I've an old cvs file with this Yahoo Finance data named 'AAPL.csv'
Date | Open | High | Low | Close | Volume |
---|---|---|---|---|---|
2023-09-25 | 174.19 | 176.97 | 174.14 | 176.08 | 46172700 |
2023-09-26 | 174.82 | 175.19 | 171.66 | 171.96 | 64588900 |
2023-09-27 | 172.61 | 173.03 | 169.05 | 170.42 | 66921800 |
2023-09-28 | 169.33 | 172.02 | 167.61 | 170.69 | 56294400 |
2023-09-29 | 172.02 | 173.07 | 170.33 | 171.21 | 51814200 |
I need to check today date with latest row date and update the latest days data and save in the same file. I've this code but have some problems with date format and not runs ok.
import os
import datetime
import pandas as pd
import dateutil.parser
from datetime import datetime
read_data = pd.read_csv('AAPL.csv')
read_last_date_df = str(read_data['Date'].values[-1])
last_date_df = dateutil.parser.isoparse(read_last_date_df)
today = datetime.today()
dif_day_dates = int(today.strftime('%d')) - int(last_date_df.strftime('%d'))
if dif_day_dates > 0:
update_data = yf.download(symbol, start=datetime.today() - last_date_df, end=datetime.today(), interval=timeframes_codedata['daily'])

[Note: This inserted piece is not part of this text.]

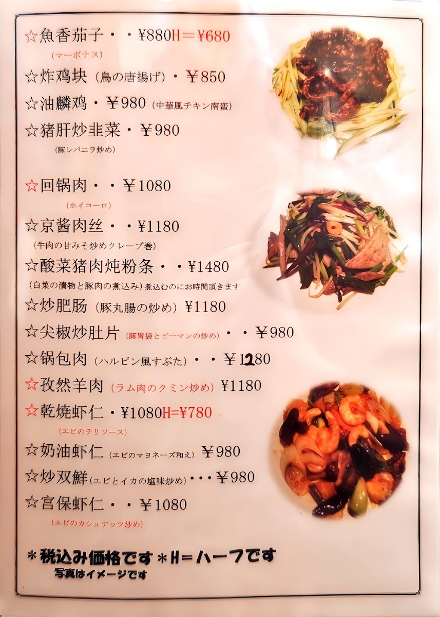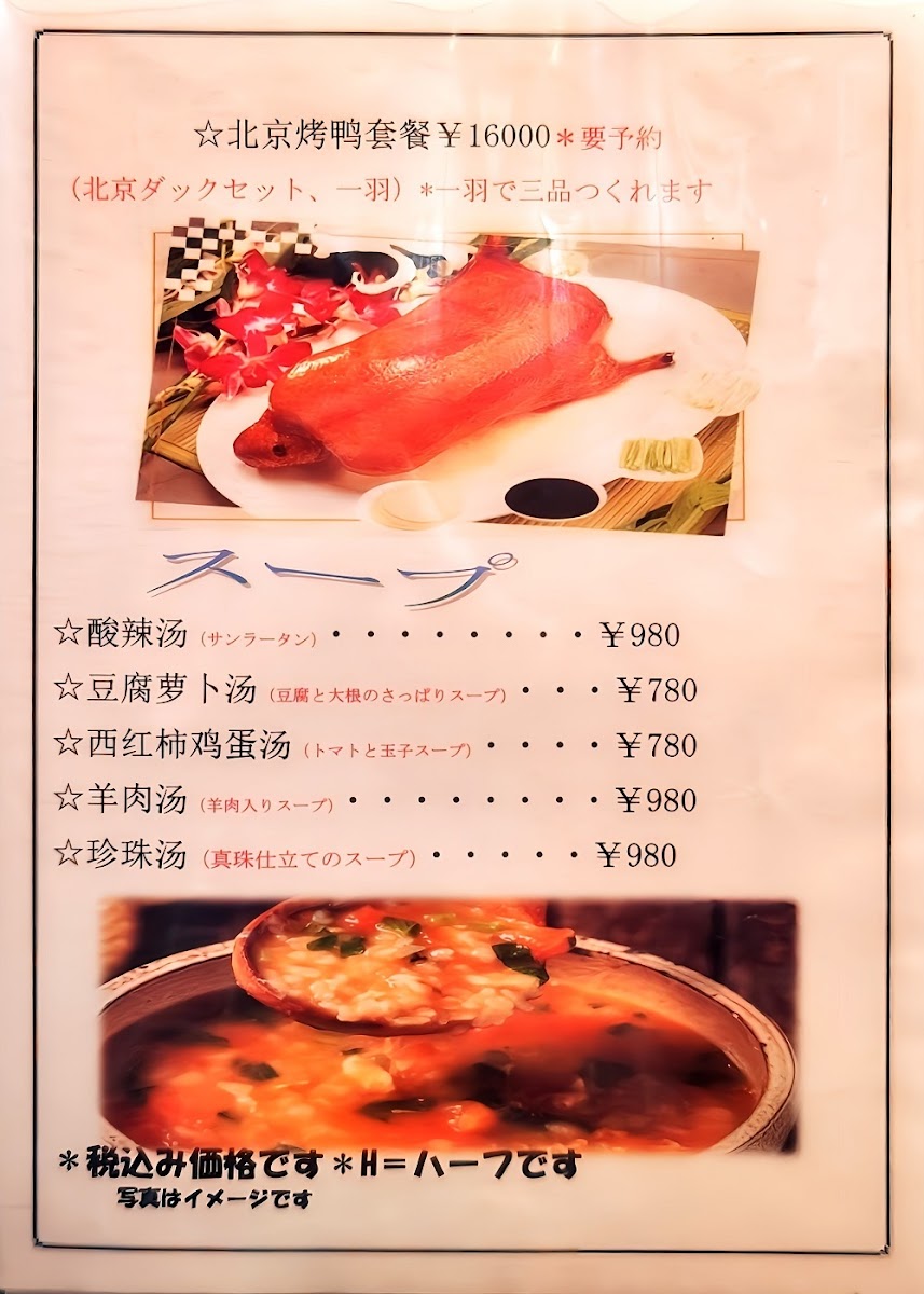 The menu at Shiki Hiroshima offers a wide array of delectable dishes that showcase a perfect balance of flavors and textures, with some standout items that are a must-try. For those craving a hearty lunch, ホルモン 麻婆 豆腐 ランチ (Horumon Mapo Tofu Lunch) offers a rich, spicy, and savory experience. The 北京ダック (Peking Duck) is a classic, prepared to perfection with crispy skin and tender meat, making it an exquisite choice for anyone looking for a refined, flavorful dish.

read_data[len(read_data)] = update_data
read_data.to_csv('AAPL.csv')
Now i've this error: if dif_day_dates > 0: TypeError: '>' not supported between instances of 'datetime.timedelta' and 'int'
Any suggestion or idea to solve this problem and apply this function in my app? Thanks a lot
if dif_day_dates > 0:
is correct. The problem is:
update_data = yf.download(symbol, start=datetime.today() - last_date_df,
end=datetime.today(), interval=timeframes_codedata['daily'])
Let's look:
start = datetime.today() - last_date_df
print(start)
print(type(start))
'''
(datetime.timedelta(days=6, seconds=54260, microseconds=767898),)
<class 'tuple'>
'''
According to documentation
start
param takes a string expression and must be in (YYYY-MM-DD)
format.
def download(tickers, start=None, end=None, actions=False, threads=True, ignore_tz=None,
group_by='column', auto_adjust=False, back_adjust=False, repair=False, keepna=False,
progress=True, period="max", show_errors=None, interval="1d", prepost=False,
proxy=None, rounding=False, timeout=10, session=None):
"""Download yahoo tickers
:Parameters:
tickers : str, list
List of tickers to download
period : str
Valid periods: 1d,5d,1mo,3mo,6mo,1y,2y,5y,10y,ytd,max
Either Use period parameter or use start and end
interval : str
Valid intervals: 1m,2m,5m,15m,30m,60m,90m,1h,1d,5d,1wk,1mo,3mo
Intraday data cannot extend last 60 days
start: str
Download start date string (YYYY-MM-DD) or _datetime, inclusive.
Default is 99 years ago
E.g. for start="2020-01-01", the first data point will be on "2020-01-01"
end: str
Download end date string (YYYY-MM-DD) or _datetime, exclusive.
Default is now
E.g. for end="2023-01-01", the last data point will be on "2022-12-31"
To avoid this:
from datetime import timedelta
start = (last_date_df + timedelta(days=1)).strftime('%Y-%m-%d')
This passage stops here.